The order's life: Created when the cart is checked out, Paid
when the charge succeeds, Shipped when the warehouse books a
courier, Delivered when the courier confirms drop-off.
Cancelled may interrupt the chain at any point up to Shipped.
Each transition has rules: you cannot ship an unpaid order, you
cannot pay a cancelled one, and Delivered is terminal.
The first version of Order.MarkPaid() is one method with if (_status == OrderStatus.Cancelled) throw ...; if (_status == OrderStatus.Paid) throw ...; .... By the time you have ten
methods and six transitions, the rules are scattered across the
class and adding Refunded requires touching every method.

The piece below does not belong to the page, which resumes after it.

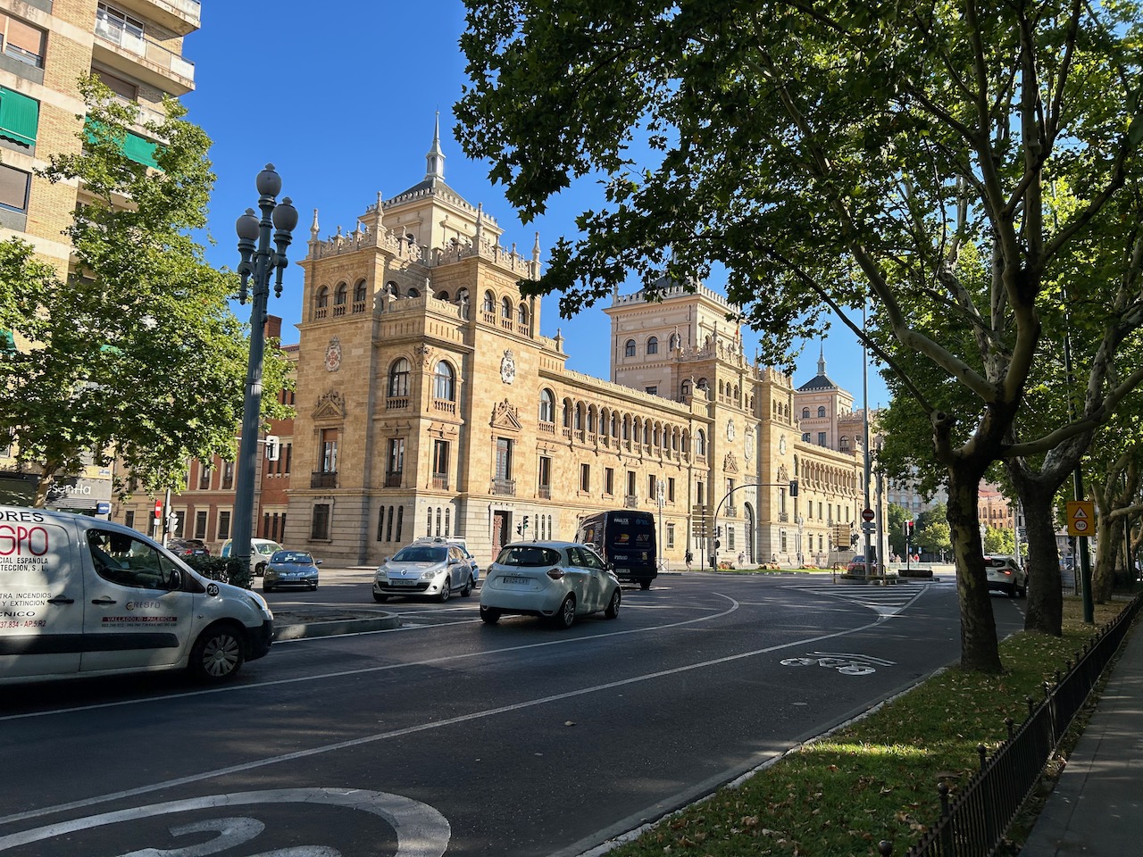 Es una edificio de principios del siglo XX ubicado frente al parque del Campo Grande y la plaza Zorilla de Valladolid. Está inspirado en el Palacio de Monterrey de Salamanca, motivo por el cual se uso la piedra arenisca característica de dicha ciudad, con planta en U y fachada longitudinal alternada por sus tres grandes torres que aligeran la composición desde el zócalo inicial a las galerías superiores.

The State pattern is the answer. The order's behaviour
depends on its state; each state knows which transitions it
allows and what to do when one fires. In modern C# the textbook
class hierarchy is often replaced by an enum plus
Stateless,
but the pattern is the underlying idea both implementations
preserve.
What problem does the State pattern solve in C#?
The pattern earns its place when an object's allowed operations depend on which lifecycle stage it is in. Three concrete shapes:
- Domain lifecycles. Order, account, document approval — a finite set of states with rules about who may move where.
- Workflow engines. Tickets, leads, deployments. Each step has a guard: "tests must pass before the deploy step is enabled".
- UI mode toggles. Edit mode, view mode, locked mode. The same buttons are visible but their effect depends on the mode.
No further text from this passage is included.